I told you I was a modern day luddite !!!
no prob jane. your point in fact bears repeating all over the place.
mr tulk also makes a very good point. there is a rail yard 5 blocks from my place with a sign ‘trains may be automated’ etc, ie to warn trespassers if they fall asleep on the tracks there may not be a human operator to act.
this is a key point, I got NO qualms about rail automation, because except for crossings, NO ONE ELSE but trains are on the friggin tracks.
far, far fewer ‘variables’ and what there are are very manageable and clearly identified.
right? seriously, do all the cars in a train have a ‘mind of their own’? no !!! etc etc.
exactly. absolutely SPOT ON.
aka, will the automation include a subroutine called ‘that idjit looks like he’s driving drunk’, time to call up the ‘intoxicated in proximity’ subroutine. (skilled experience human drivers do this routinely).
that will NEVER happen, thus the whole friggin FARCE will be tried, fail, and abandoned. also, MAJOR point, where in blazes is all the redundant, robust, and plentiful HYDRO supply going to come from needed to set this shyte up and engage in it? hmmmm mr dilbert?
The article is basically attacking a strawman. Yes, humans will be involved-they will take care of the robots. There won’t be many of them, and the trucks will be automated. It’s gonna happen, and it’s gonna be glorious.
automated trucks in a system that is close to chaos much of the time, no fvcking way. But as Danial Ream says, change the system to automate friendly environment, and your good to go. I think this sort of thing is so far off in the future that other technology will replace much of the trucking need, think 3D printing as just one that my help reduce trucking needs.

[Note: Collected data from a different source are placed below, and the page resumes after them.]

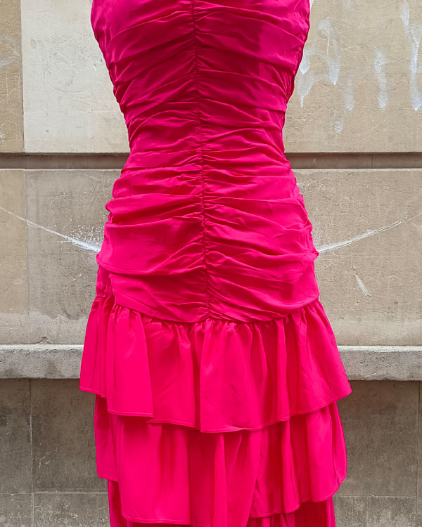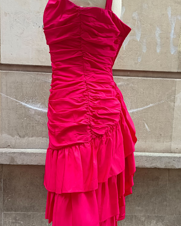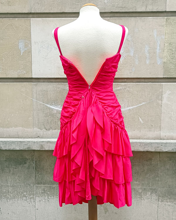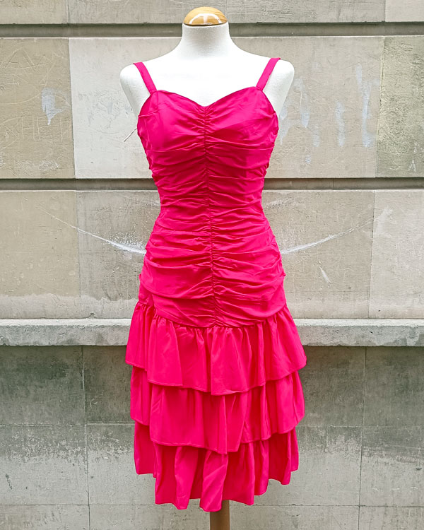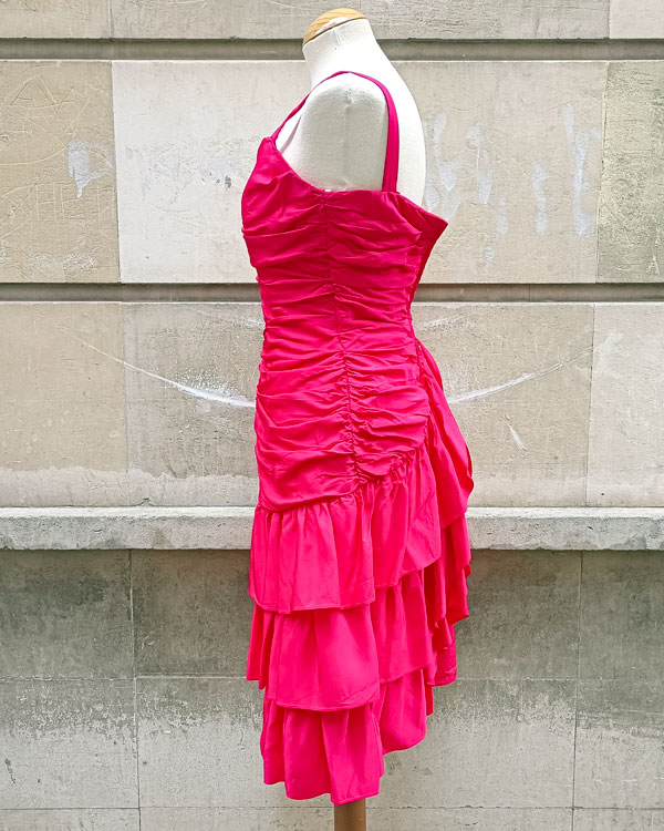 Espectacular vestido de cóctel 60s color fresa. De corte vistoso: el diseño de los volantes y sus frunces, hacen que sea digno de una alfombra roja. Desde luego si quieres un vestido de fiesta especial éste lo es. Como detalle curioso decirte que es de origen canadiense.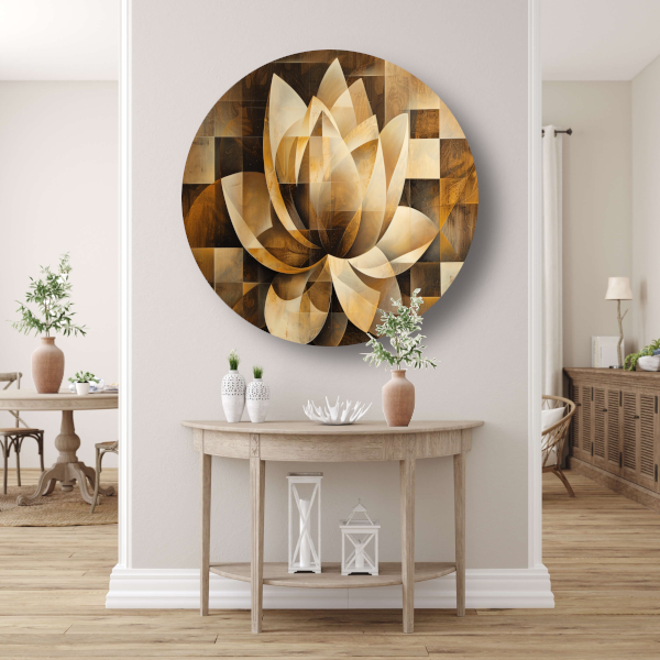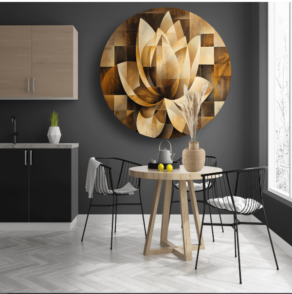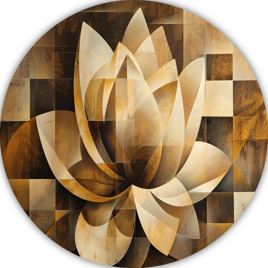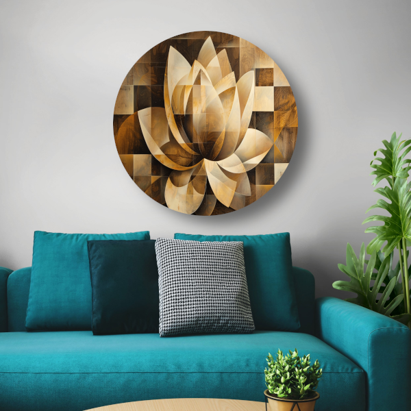 Abstracte Sepia Lotus Kunstwerk aluminium muurcirkel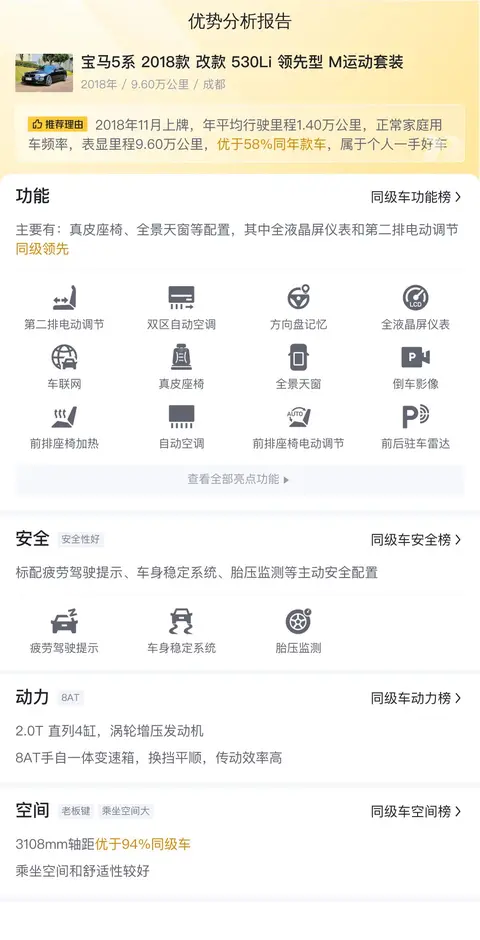 综上所述的新车含税价、用车成本、市场行情、优势分析、同款比价等数据仅供参考。在配置部分,因为二手车非标品,车辆可能会存在配置改装的情况,具体车况信息需要线下结合车辆实际情况进行综合参考。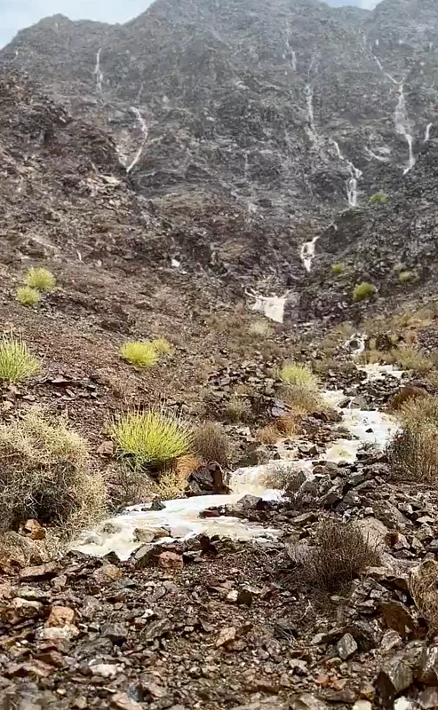 These rains in Fujairah caused waterfalls to form in the mountainous areas of Dibba.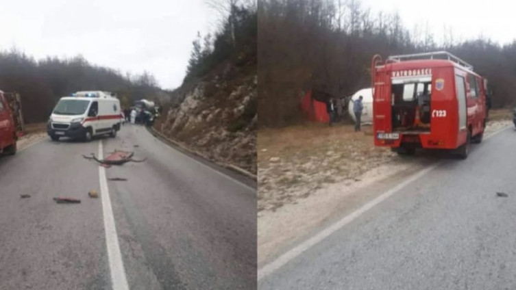 Na mjestu nesreće intervenirali su policija, Hitna pomoć i vatrogasci. Saobraćaj je bio u potpunosti obustavljen.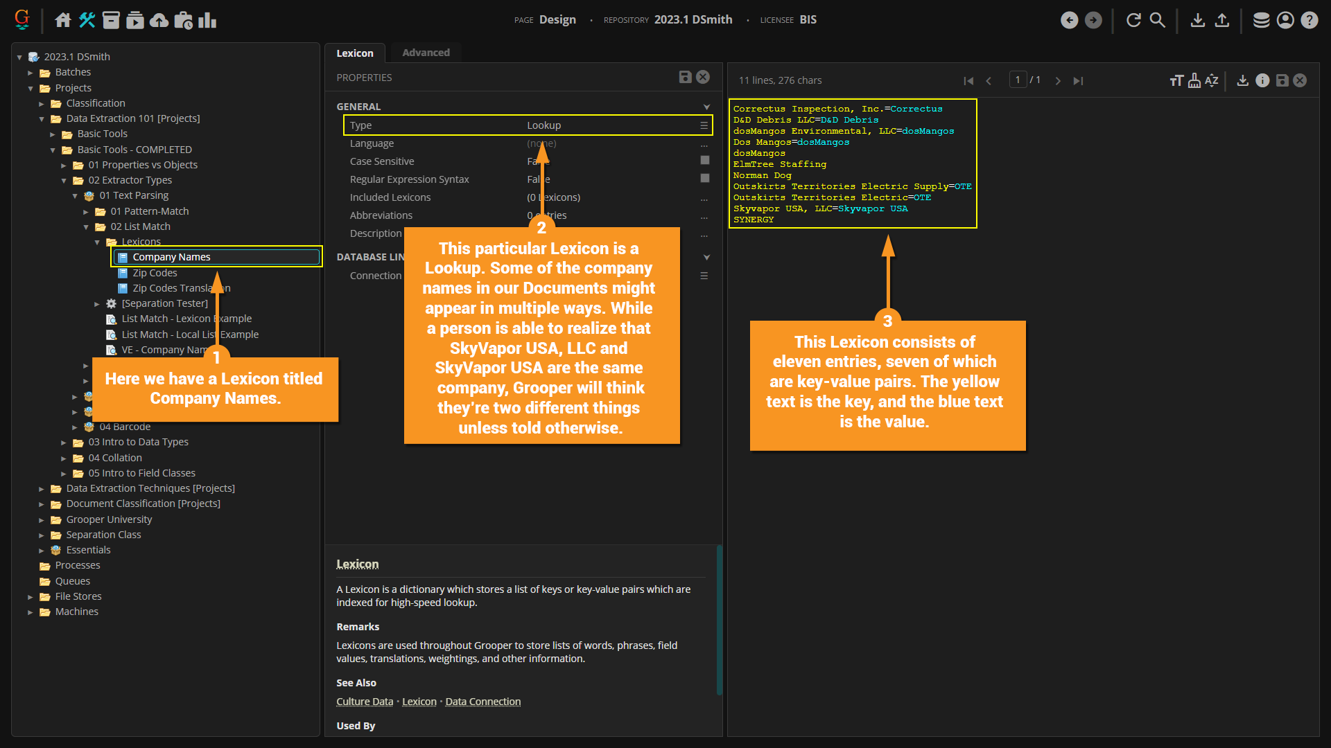 3. Lookup Lexicons consist of key-value pairs, where the keys are in yellow text and the value in blue; it's a way of telling Grooper that one piece of string data is equivalent to another. "XYZ Company, LLC = XYZ" for instance.

Another problem raises it’s ugly head as you automate, eventually as we become good at it, there will not be enough jobs to go around, and what then, more politicians and consultants?????
Hey BC, I’v worked with a sh*t load of “engineers” over time, and because most do not live in the real world, I pissed about 90% of them off:-)))
Many factories have some automation, that’s been the primary driver of job losses in manufacturing for the past 20 years:
https://static2.businessinsider.com/image/58cc090cd349f914038b4e43-1200
Which is a double edged sword. On one side there’s simply less jobs. On the other the jobs that do exist are more stable and the company can be more competitive. Also a huge freaking hole in Trumps promise to bring back manufacturing jobs. Is he going to ban automation?
Wonder what will happen when some computer geek/hacker living in mommies basement figures out how to play video demolition derby with real vehicles. The nearby interstate hiway will be a tow truck drivers dream, that is if their jobs are not being done by robots too.
Wonder what will happen when some computer geek/hacker living in mommies basement figures out how to play video demolition derby with real vehicles. The nearby interstate hiway will be a tow truck drivers dream, that is if their jobs are not being done by robots too.
” This issue is inexplicably a blind spot for Kate and team. ”
It’s not inexplicable at all. I drive more than most people. A lot more.
there are trucks that don’t require drivers, they are called containers and they ride on rails.